■ **Data below**

.....

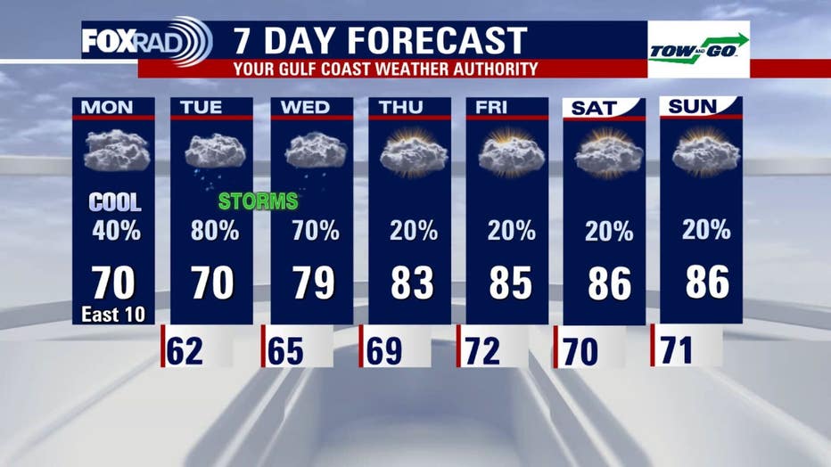 Temperatures rebound into the mid 80s by late week. Skies stay mostly cloudy with muggy temps. Rain won't go away completely, becomes more isolated.
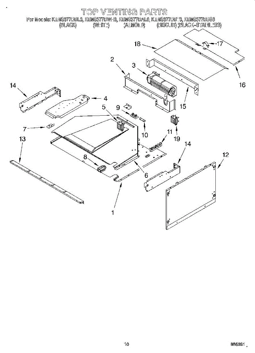 Parts for Kitchenaid KEMS377DBS6: 08 - Top Venting Parts
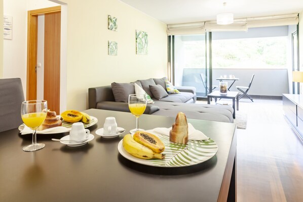 Det mysiga vardagsrummet har en stor soffa, två förrådsmöbler med TV och gratis internet, en matplats. Lägenheten är utrustad med gardiner som gör att du kan sätta upp ljuset och stora glasfönster som kan glida för att öppna bredvid vardagsrummet på verandan för soliga luncher (utomhusbord och stolar).
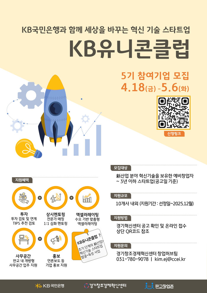 [시민일보 = 박소진 기자] KB국민은행이 신생기업의 안정적인 성장을 지원하는 'KB유니콘클럽' 5기에 참여할 기업을 모집한다.

.....

■ **What is being asked**
The listing above is to be written out again exactly, with its pictures omitted.

■ **Answer box**
 Temperatures rebound into the mid 80s by late week. Skies stay mostly cloudy with muggy temps. Rain won't go away completely, becomes more isolated.
 Parts for Kitchenaid KEMS377DBS6: 08 - Top Venting Parts
 Det mysiga vardagsrummet har en stor soffa, två förrådsmöbler med TV och gratis internet, en matplats. Lägenheten är utrustad med gardiner som gör att du kan sätta upp ljuset och stora glasfönster som kan glida för att öppna bredvid vardagsrummet på verandan för soliga luncher (utomhusbord och stolar).
 [시민일보 = 박소진 기자] KB국민은행이 신생기업의 안정적인 성장을 지원하는 'KB유니콘클럽' 5기에 참여할 기업을 모집한다.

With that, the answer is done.